**Task to complete:**
Could you copy exactly the lines below from the one with "可爱卡通刺猬保温饭盒304不锈钢便携式分格饭盒高颜值儿童便当盒" to the one with "Makintosh fabric in", inclusive, leaving out any pictures?

**Provided material:**
'''

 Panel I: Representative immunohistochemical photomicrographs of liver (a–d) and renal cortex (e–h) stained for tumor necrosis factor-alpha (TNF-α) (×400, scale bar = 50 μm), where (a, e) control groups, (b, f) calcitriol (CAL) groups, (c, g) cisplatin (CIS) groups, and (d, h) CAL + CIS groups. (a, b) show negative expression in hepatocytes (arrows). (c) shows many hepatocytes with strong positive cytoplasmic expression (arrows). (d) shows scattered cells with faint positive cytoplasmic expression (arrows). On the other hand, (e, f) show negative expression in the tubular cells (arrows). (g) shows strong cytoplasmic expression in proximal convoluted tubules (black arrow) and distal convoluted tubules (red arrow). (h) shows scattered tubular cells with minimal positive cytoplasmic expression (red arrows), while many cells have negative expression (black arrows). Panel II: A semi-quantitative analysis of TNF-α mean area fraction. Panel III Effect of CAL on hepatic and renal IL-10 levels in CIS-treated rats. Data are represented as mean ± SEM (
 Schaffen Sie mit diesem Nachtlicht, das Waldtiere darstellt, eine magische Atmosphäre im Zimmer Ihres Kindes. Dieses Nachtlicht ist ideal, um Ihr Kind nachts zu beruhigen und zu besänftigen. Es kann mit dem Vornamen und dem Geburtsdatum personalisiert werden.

'''
'''

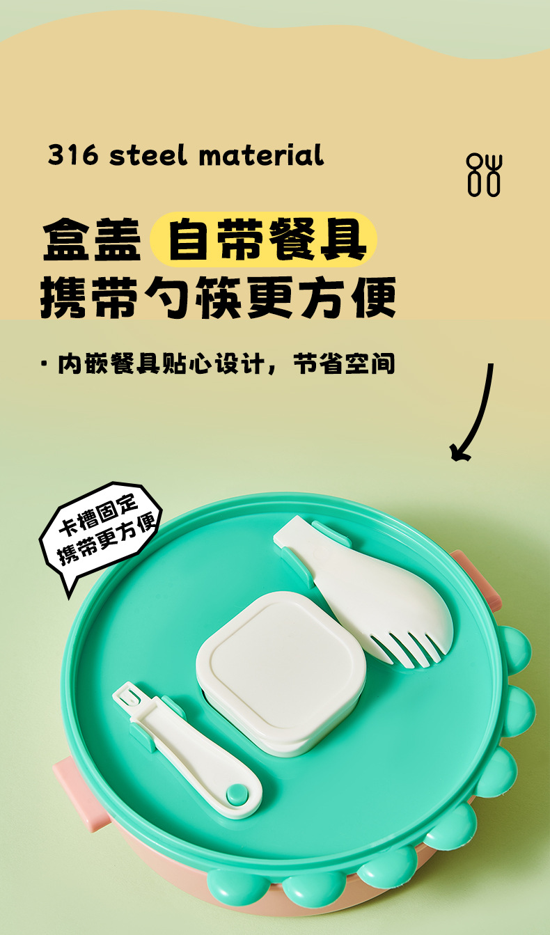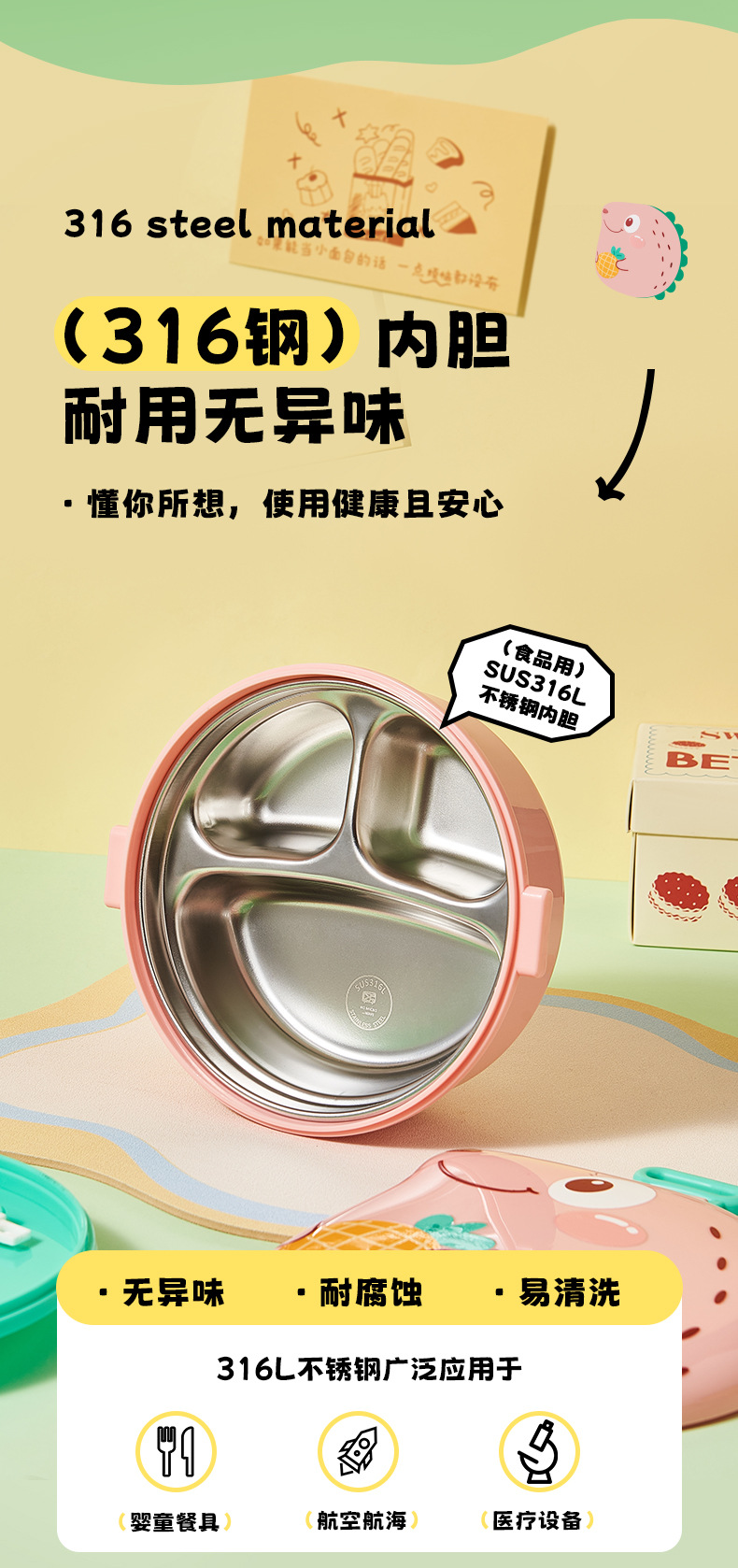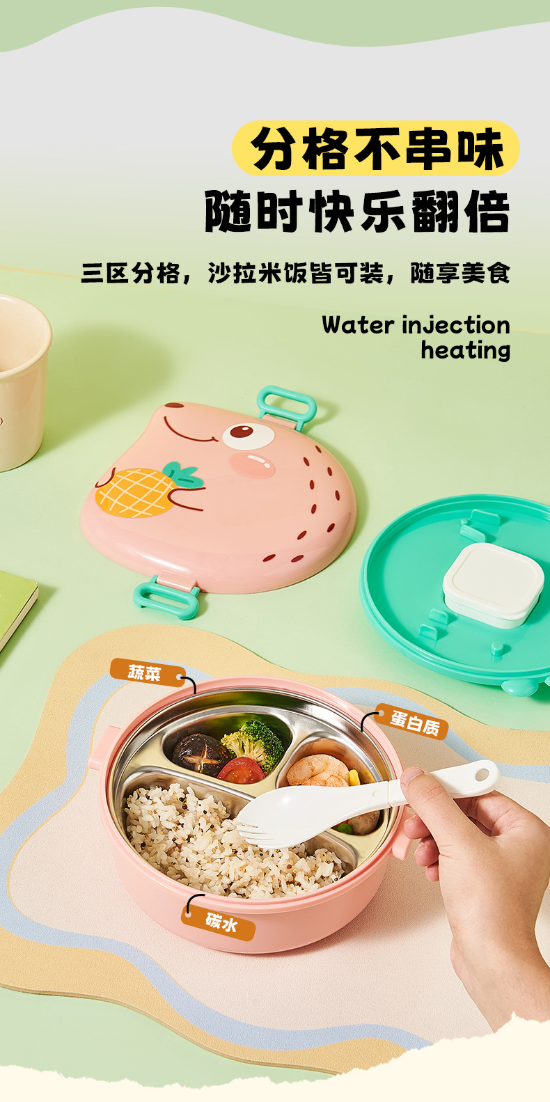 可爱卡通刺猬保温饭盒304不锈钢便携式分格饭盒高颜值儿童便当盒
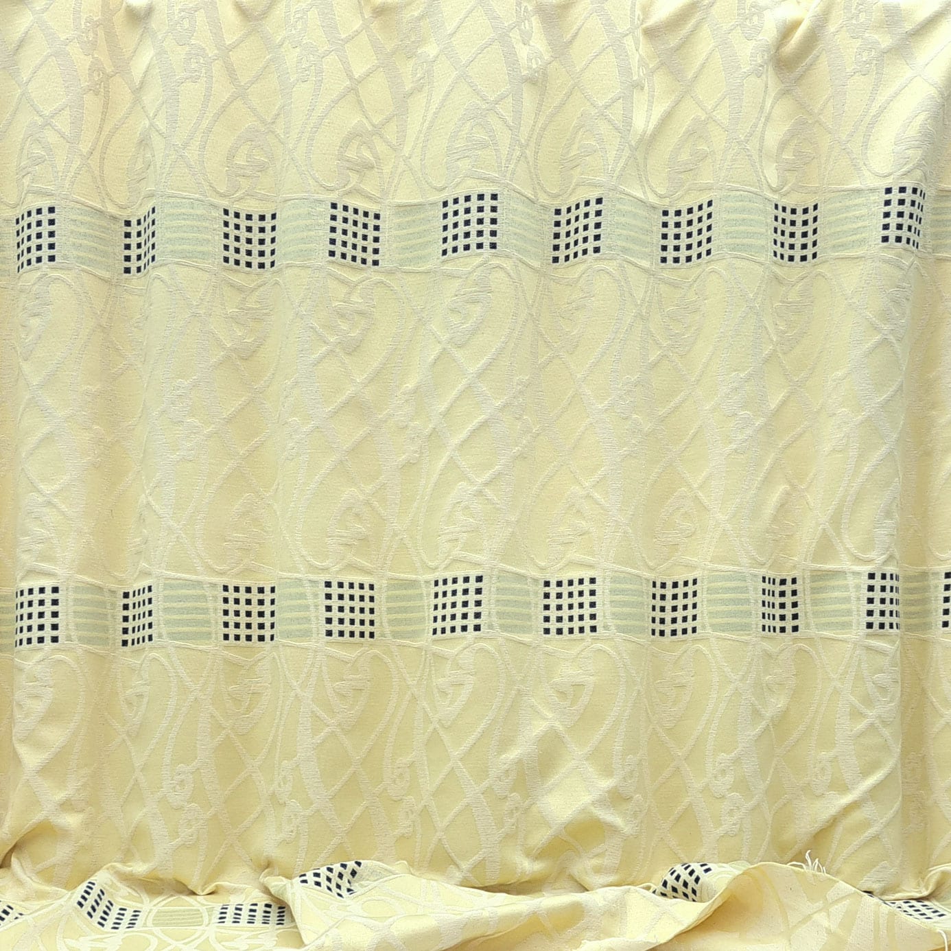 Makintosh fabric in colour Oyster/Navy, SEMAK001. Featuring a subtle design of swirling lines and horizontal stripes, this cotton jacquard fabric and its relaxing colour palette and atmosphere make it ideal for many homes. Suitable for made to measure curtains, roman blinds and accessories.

'''

**Exercise result:**
 可爱卡通刺猬保温饭盒304不锈钢便携式分格饭盒高颜值儿童便当盒
 Makintosh fabric in colour Oyster/Navy, SEMAK001. Featuring a subtle design of swirling lines and horizontal stripes, this cotton jacquard fabric and its relaxing colour palette and atmosphere make it ideal for many homes. Suitable for made to measure curtains, roman blinds and accessories.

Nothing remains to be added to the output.